AIM OF THE TASK:
Please copy the lines below, exactly as they are, from the one with "今日は、「数」、「アルファベ" through the one with "Okay, so this", and leave out the pictures.

LISTED ENTRIES:
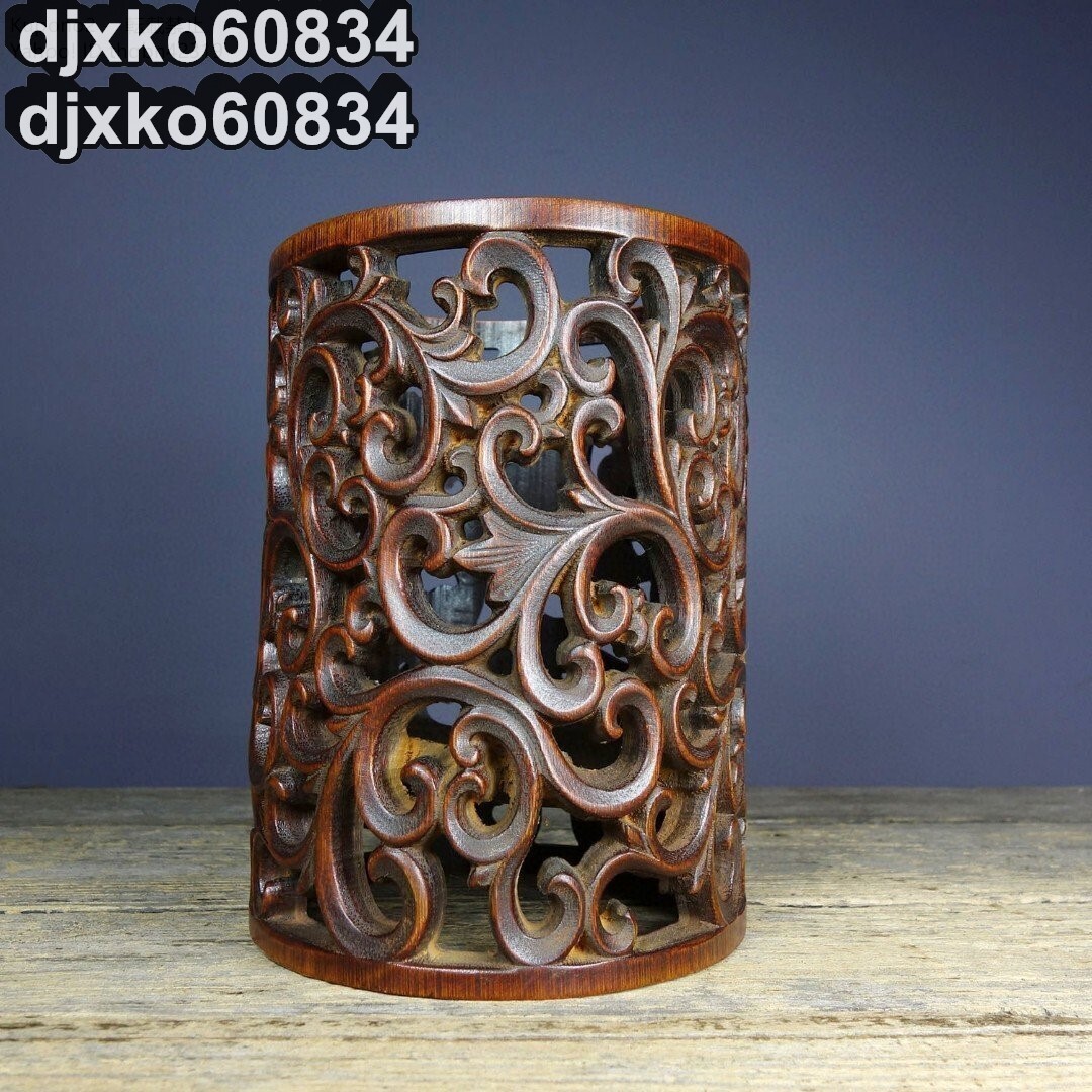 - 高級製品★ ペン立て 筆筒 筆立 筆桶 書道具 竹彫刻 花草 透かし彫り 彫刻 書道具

==

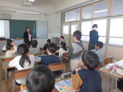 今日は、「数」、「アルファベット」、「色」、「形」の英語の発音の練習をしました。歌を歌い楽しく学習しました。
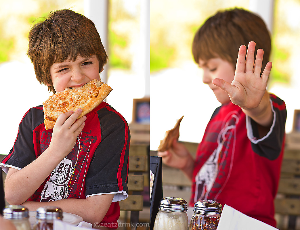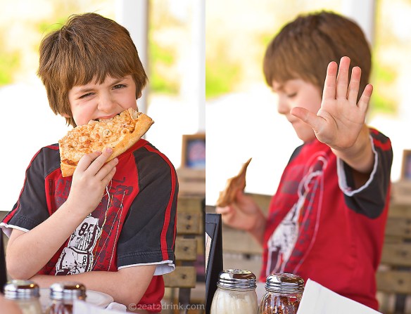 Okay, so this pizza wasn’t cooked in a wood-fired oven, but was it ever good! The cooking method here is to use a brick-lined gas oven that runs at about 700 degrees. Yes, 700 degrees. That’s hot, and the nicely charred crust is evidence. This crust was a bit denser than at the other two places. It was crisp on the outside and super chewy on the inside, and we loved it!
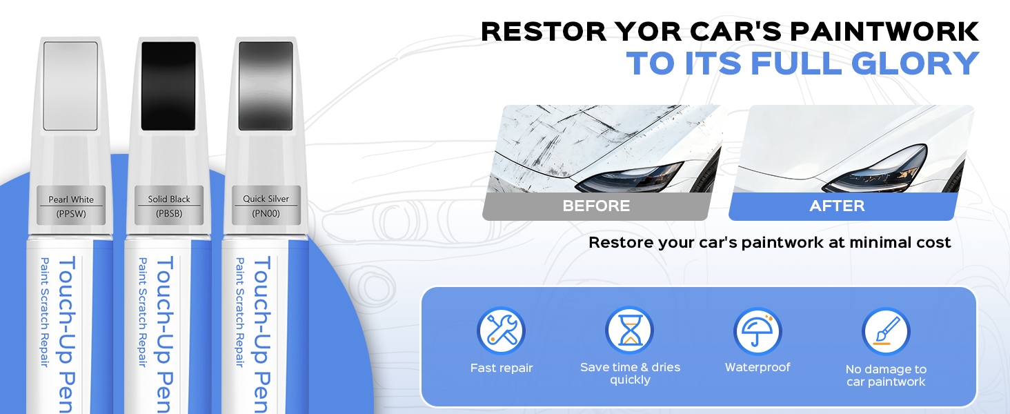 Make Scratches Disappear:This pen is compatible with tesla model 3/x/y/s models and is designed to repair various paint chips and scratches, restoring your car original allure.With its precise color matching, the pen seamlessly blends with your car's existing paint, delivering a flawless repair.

* * *

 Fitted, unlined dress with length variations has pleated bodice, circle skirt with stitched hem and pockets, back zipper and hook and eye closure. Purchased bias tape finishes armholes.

OUTPUT:
 今日は、「数」、「アルファベット」、「色」、「形」の英語の発音の練習をしました。歌を歌い楽しく学習しました。
 Okay, so this pizza wasn’t cooked in a wood-fired oven, but was it ever good! The cooking method here is to use a brick-lined gas oven that runs at about 700 degrees. Yes, 700 degrees. That’s hot, and the nicely charred crust is evidence. This crust was a bit denser than at the other two places. It was crisp on the outside and super chewy on the inside, and we loved it!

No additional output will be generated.